I love to read, and I love my parents to read books to me. Here are some reviews of my favorite books right now.
From the cheery optimism of its opening line, ‘Trucks, trucks, trucks, I like trucks!’ to its insightful character arc and shocking plot twist at the end, ‘Trucks, trucks, trucks, I love trucks,’ (italics added), I can only describe this book as wheely, wheely good. Not only can I not put it down (because it is stuck to my hands with apricot jam) but I have also literally devoured it. My copy has been repaired with tape, but it shows its history of repeated readings and chewing. No other book has as compelling a collection of trailer trucks, tow trucks and trucks that sweep the street. There is also a haunting appearance of a clown riding a white horse, which will require a graduate degree in English to interpret. Since that is a few years off for me, I will content myself with the book’s charm, its relentless focus on trucks, and its deep understanding of trucks in all possible contexts.
If you seek an introduction to trucks and are anticipating forming a deep love for trucks and related vehicles, this is your book. You will never think of skid steers in the same way again.

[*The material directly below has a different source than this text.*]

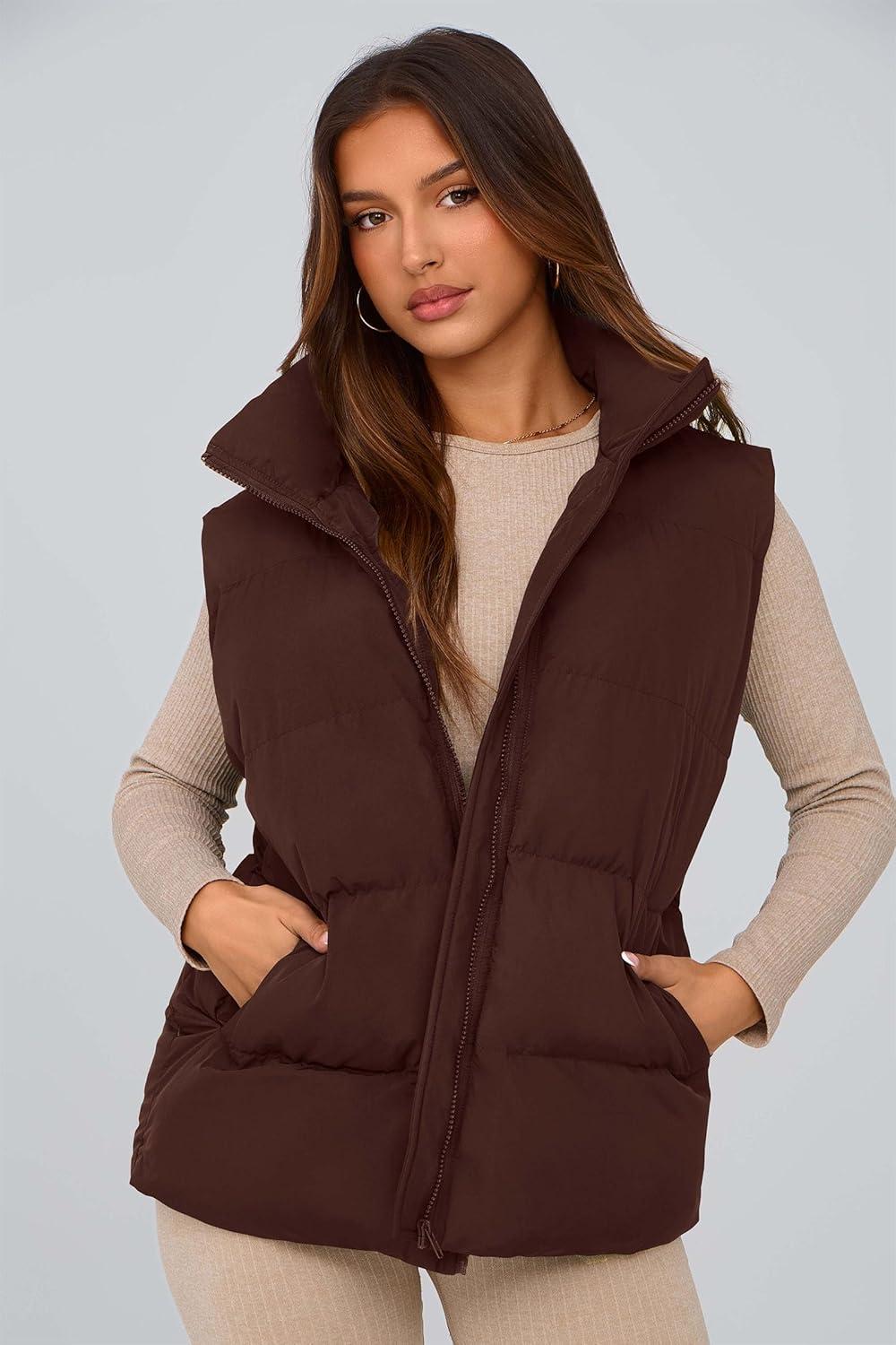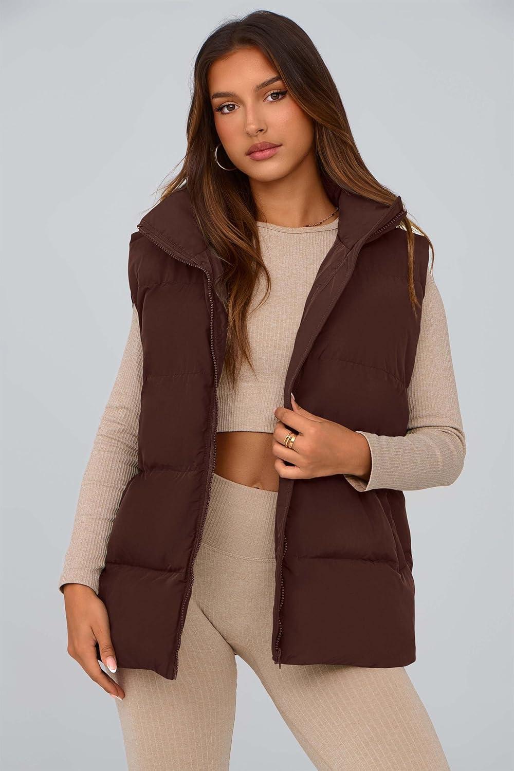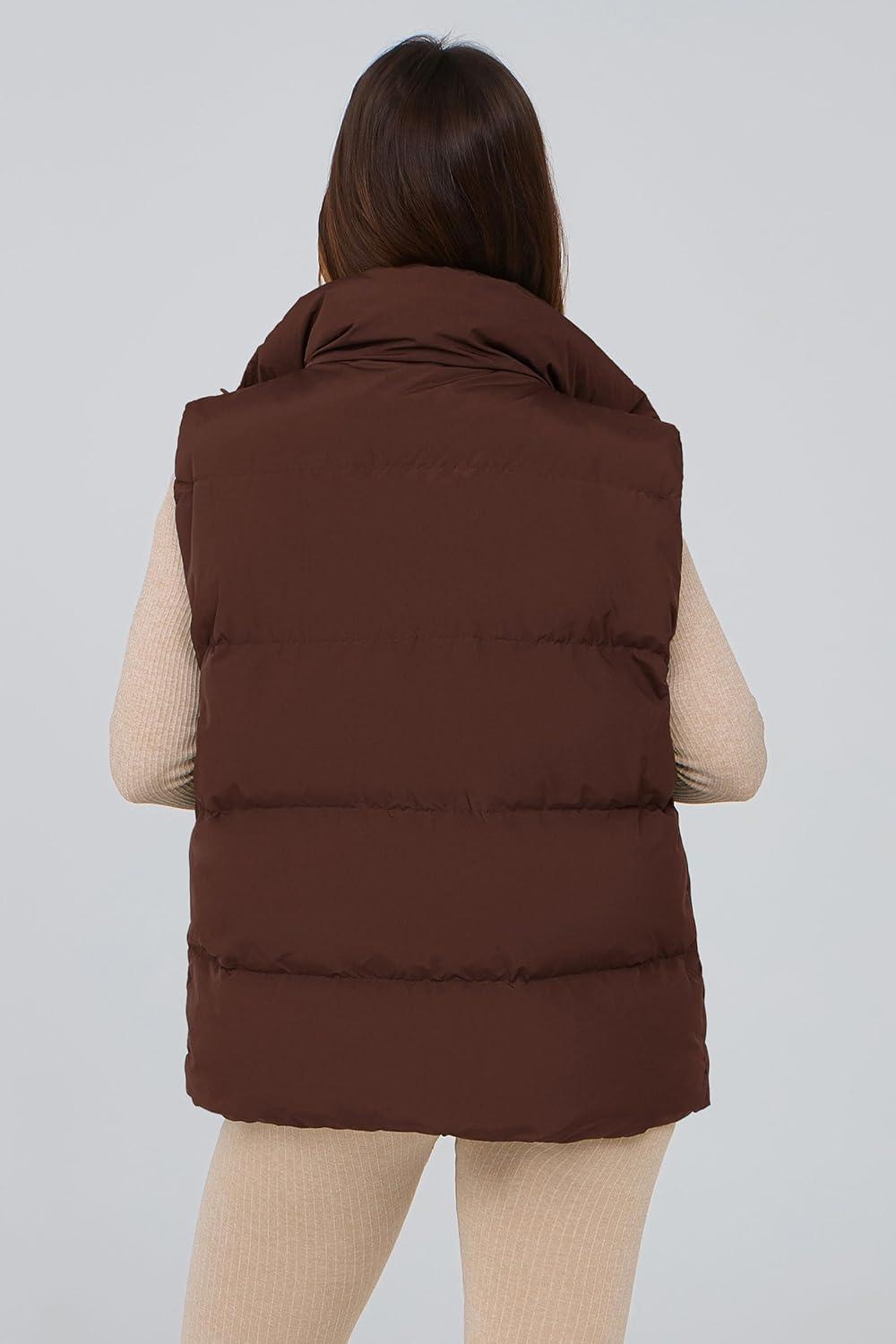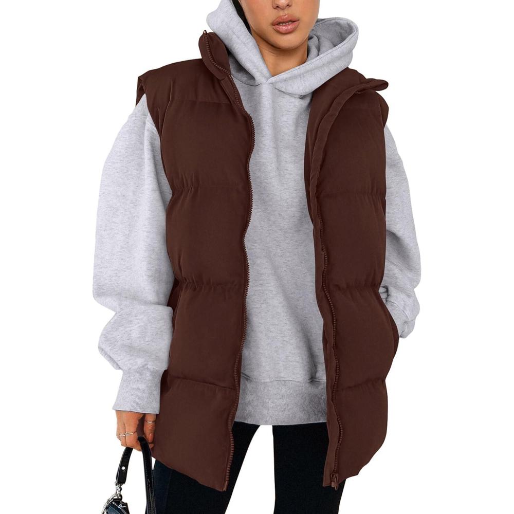 PRETTYGARDEN Women’s Puffer Jacket Vests 2025 Fall Casual Sleeveless Stand Collar Zip Up Coats Warm Winter Outerwear(Dark Brown)

Originally conceived as propaganda by a desperate parent needing a story simplistic enough to lull her child into a stupor, and I believe used avidly now by Putin as a brainwashing tool, I admit that I enjoyed Goodnight Moon’s linear approach at first: (‘Good night kittens, good night socks’ and all that). But it quickly loses its way like a truck without GPS. Telling ‘nobody’ good night is nonsense, and the story is completely lacking in trucks. You can have your parents read it all the way through to you a thousand times, and there will be no trucks in it, which is a ripoff.
This tale of a hen defying all odds to make a loaf of bread lacks emotional punch because there is no truck character, and therefore, utterly fails. I still like reading it, though, because I think of all bread as pizza, and I like pizza.

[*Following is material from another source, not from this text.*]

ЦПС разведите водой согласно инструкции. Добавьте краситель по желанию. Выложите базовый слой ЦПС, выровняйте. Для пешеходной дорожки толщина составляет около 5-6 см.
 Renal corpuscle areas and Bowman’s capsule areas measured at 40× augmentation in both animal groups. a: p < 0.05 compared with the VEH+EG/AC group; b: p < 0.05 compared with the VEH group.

This is an interesting story about a mother who abandons her child at bedtime, assigning first a pig, then a chicken and, I think, a beached whale to put her child to bed in her absence. It doesn’t go well. The mother finally returns, smelling of a barn (well, she is a sheep) and cheap beer. Her child forgives her in this touching testament to parental irresponsibility and her child’s wisdom to let it go and just move on. Where is the father in this story? He’s probably in worse shape than the mother.
There’s a movie version in the works with Julia Roberts as the mother and Emma Watson as the sheep daughter. There will be a lot of good acting involved, because Emma Watson will have to play younger than she is, and she will be a sheep. If they can get Alec Baldwin as the absent father I think that would be good, or Adam Sandler, but then this would become just another Adam Sandler movie, and I would never see it.

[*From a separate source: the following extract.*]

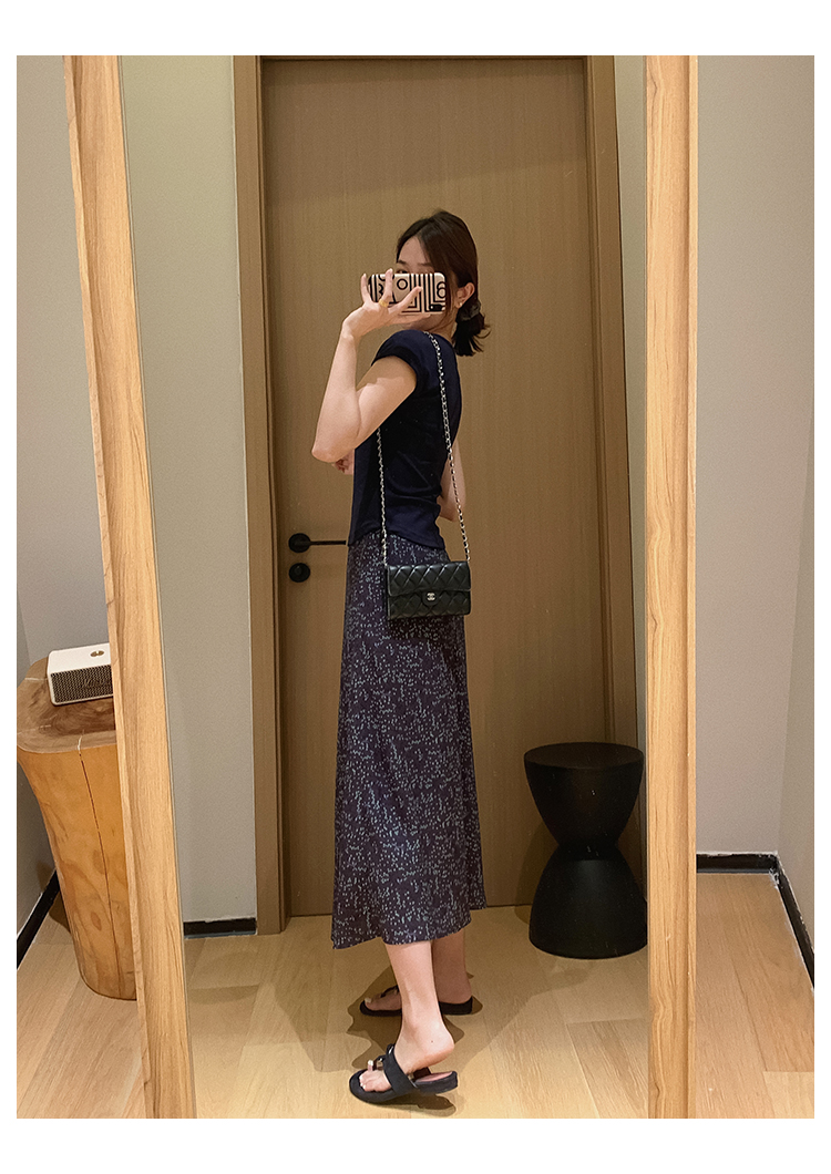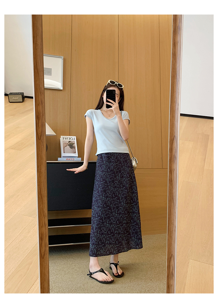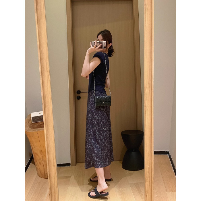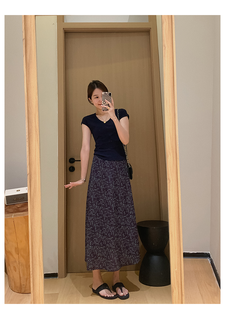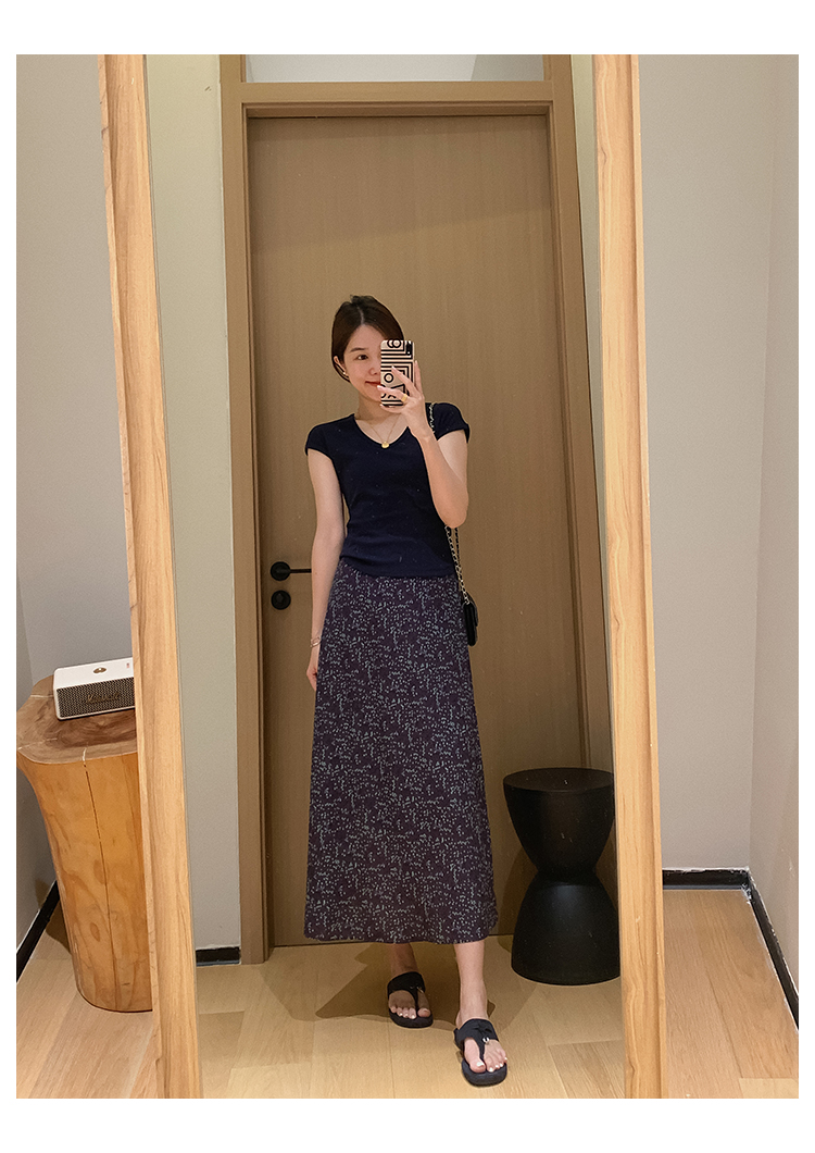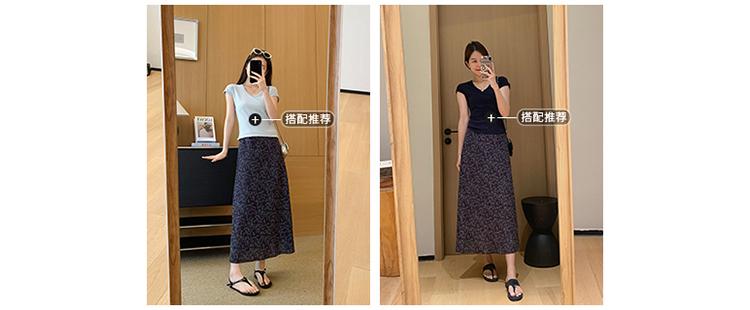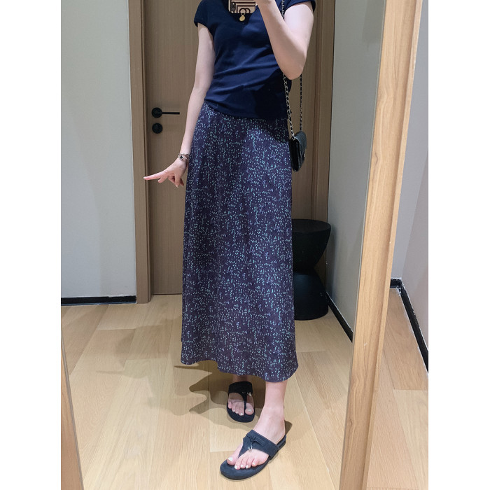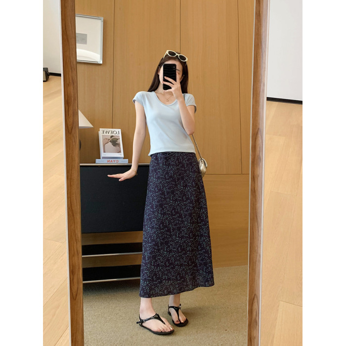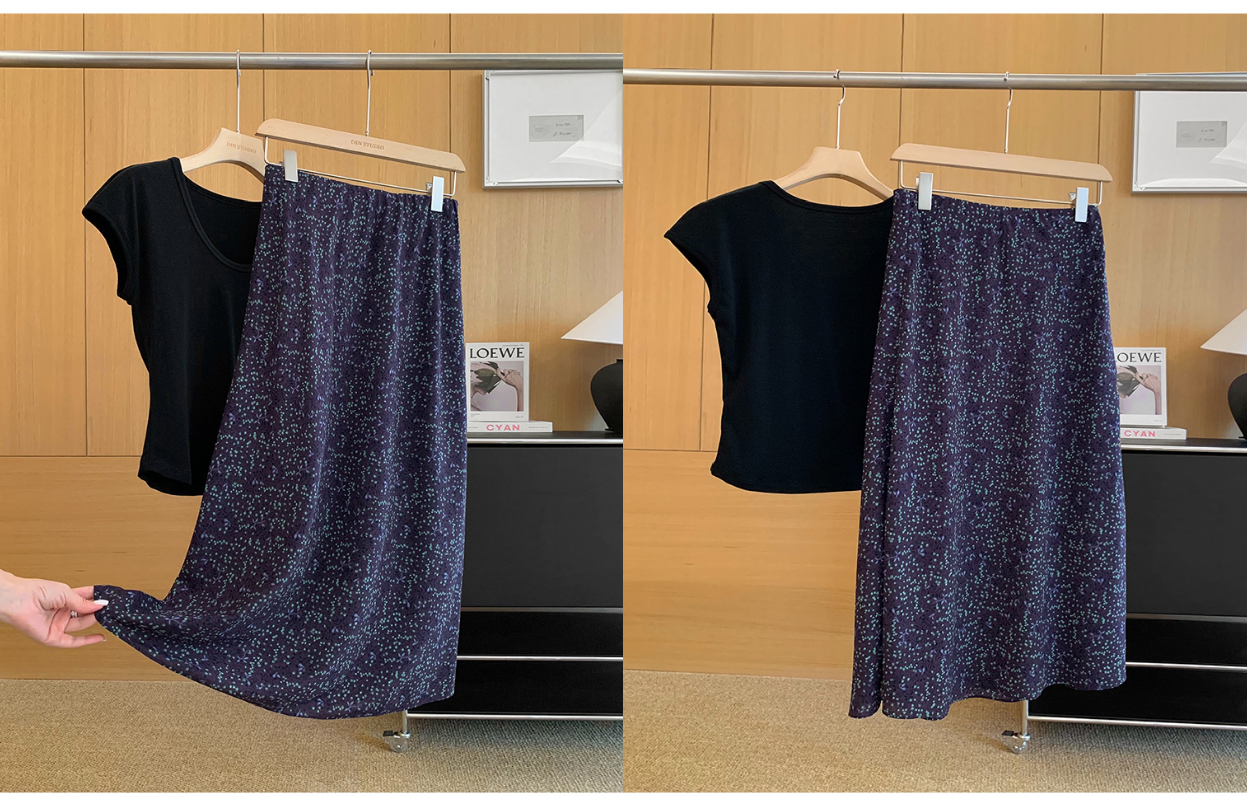 大叮自製瑾紫花韻!法式浪漫碎花裙女內折松緊腰A字雪紡半身裙

This is an interactive book that lets you slide a door and reveal a truck, learn about the colors of trucks, and about who drives trucks. It is absolutely fascinating. Do not read it just before bedtime, however, as your mind will be spinning with the different possibilities of trucks, their colors, and their drivers, and your daddy will have to come in, change your diaper because he doesn’t know what else to do, tell you to be quiet, and bump into the door on his way out because it is 3:15 in the morning.
Good luck with your own reading! If you can’t find a book about trucks, let me know. I have lots of them.